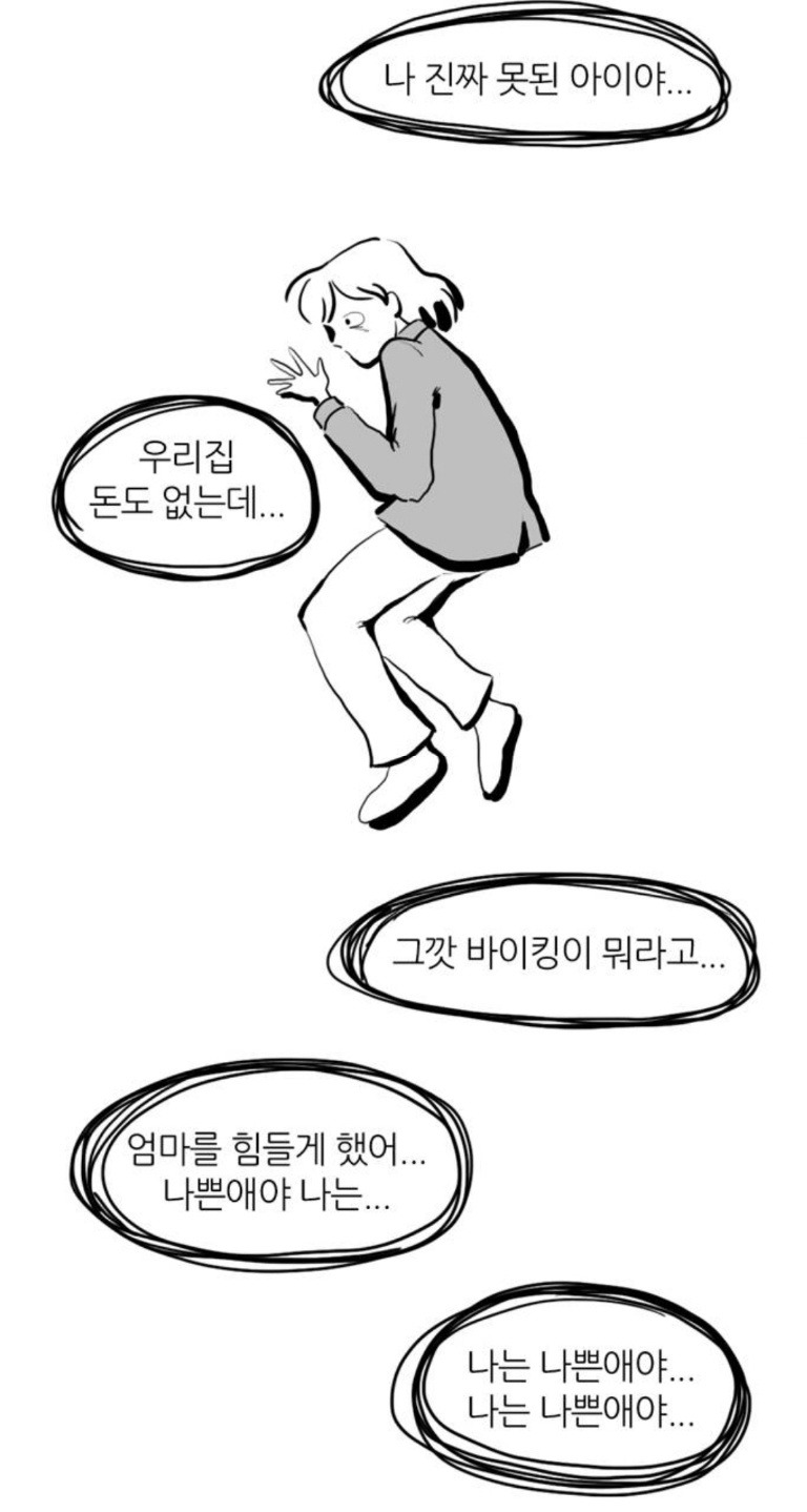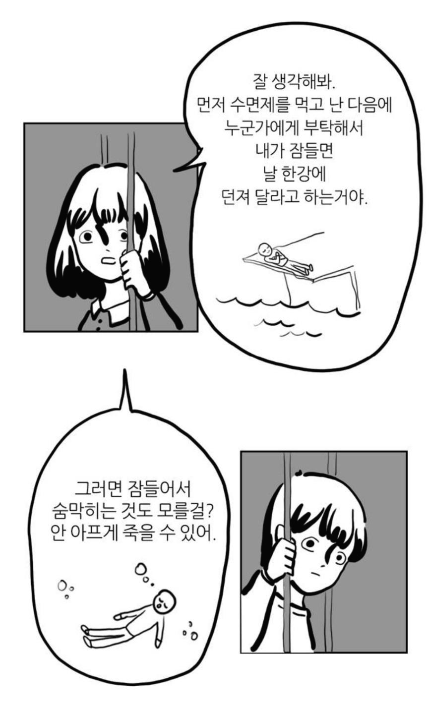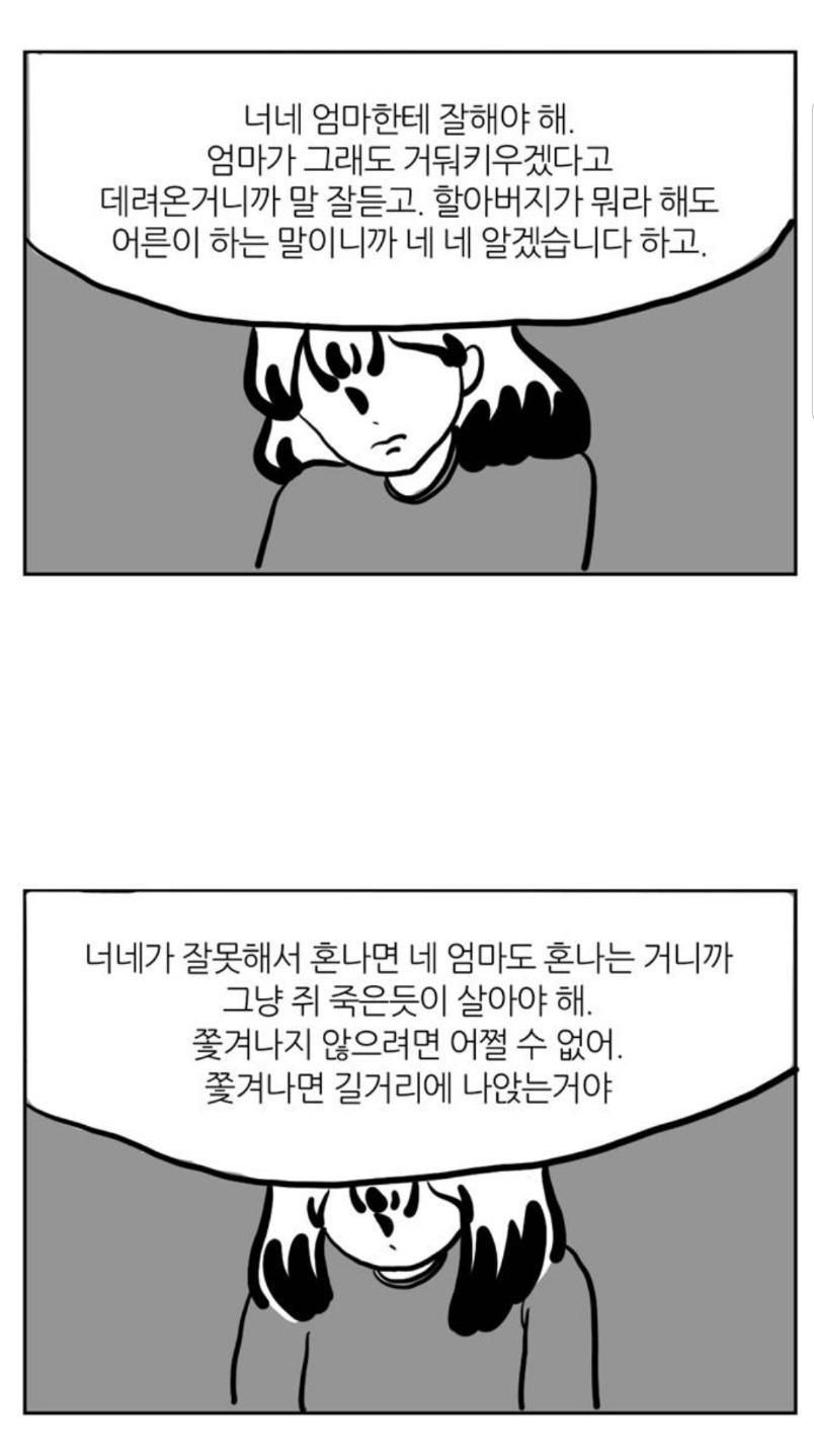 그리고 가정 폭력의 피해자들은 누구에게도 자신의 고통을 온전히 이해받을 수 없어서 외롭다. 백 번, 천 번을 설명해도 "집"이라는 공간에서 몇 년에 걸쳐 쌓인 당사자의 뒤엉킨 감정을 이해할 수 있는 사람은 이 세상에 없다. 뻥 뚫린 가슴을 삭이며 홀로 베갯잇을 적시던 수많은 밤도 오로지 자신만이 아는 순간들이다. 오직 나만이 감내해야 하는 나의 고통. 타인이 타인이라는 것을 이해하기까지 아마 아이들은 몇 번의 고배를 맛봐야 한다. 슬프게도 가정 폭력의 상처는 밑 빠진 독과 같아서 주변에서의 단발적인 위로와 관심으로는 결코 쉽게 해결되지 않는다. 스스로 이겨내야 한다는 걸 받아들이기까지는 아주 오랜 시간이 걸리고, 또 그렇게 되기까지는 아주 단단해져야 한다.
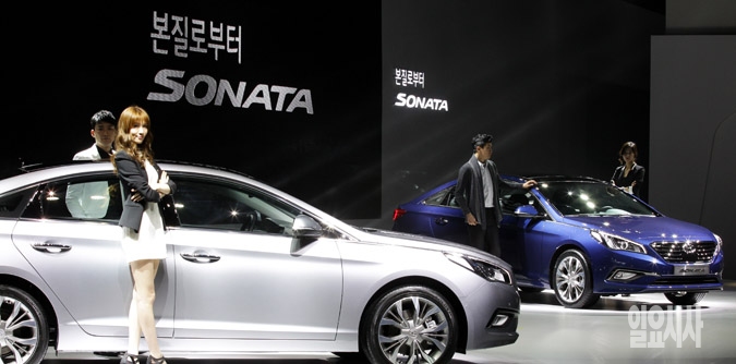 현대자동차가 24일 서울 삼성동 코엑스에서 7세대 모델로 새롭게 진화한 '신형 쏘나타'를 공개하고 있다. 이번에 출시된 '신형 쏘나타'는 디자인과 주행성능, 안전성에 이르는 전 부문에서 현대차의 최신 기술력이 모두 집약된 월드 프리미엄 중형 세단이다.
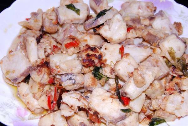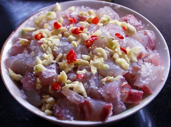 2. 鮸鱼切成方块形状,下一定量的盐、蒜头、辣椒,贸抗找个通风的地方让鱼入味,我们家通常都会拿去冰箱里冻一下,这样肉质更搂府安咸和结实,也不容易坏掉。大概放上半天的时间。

=====

# [PROBLEM DESCRIPTION]
Write out the listing above again, exactly, but with no pictures in the copy.

# [EXERCISE SOLUTION]
 그리고 가정 폭력의 피해자들은 누구에게도 자신의 고통을 온전히 이해받을 수 없어서 외롭다. 백 번, 천 번을 설명해도 "집"이라는 공간에서 몇 년에 걸쳐 쌓인 당사자의 뒤엉킨 감정을 이해할 수 있는 사람은 이 세상에 없다. 뻥 뚫린 가슴을 삭이며 홀로 베갯잇을 적시던 수많은 밤도 오로지 자신만이 아는 순간들이다. 오직 나만이 감내해야 하는 나의 고통. 타인이 타인이라는 것을 이해하기까지 아마 아이들은 몇 번의 고배를 맛봐야 한다. 슬프게도 가정 폭력의 상처는 밑 빠진 독과 같아서 주변에서의 단발적인 위로와 관심으로는 결코 쉽게 해결되지 않는다. 스스로 이겨내야 한다는 걸 받아들이기까지는 아주 오랜 시간이 걸리고, 또 그렇게 되기까지는 아주 단단해져야 한다.
 현대자동차가 24일 서울 삼성동 코엑스에서 7세대 모델로 새롭게 진화한 '신형 쏘나타'를 공개하고 있다. 이번에 출시된 '신형 쏘나타'는 디자인과 주행성능, 안전성에 이르는 전 부문에서 현대차의 최신 기술력이 모두 집약된 월드 프리미엄 중형 세단이다.
 2. 鮸鱼切成方块形状,下一定量的盐、蒜头、辣椒,贸抗找个通风的地方让鱼入味,我们家通常都会拿去冰箱里冻一下,这样肉质更搂府安咸和结实,也不容易坏掉。大概放上半天的时间。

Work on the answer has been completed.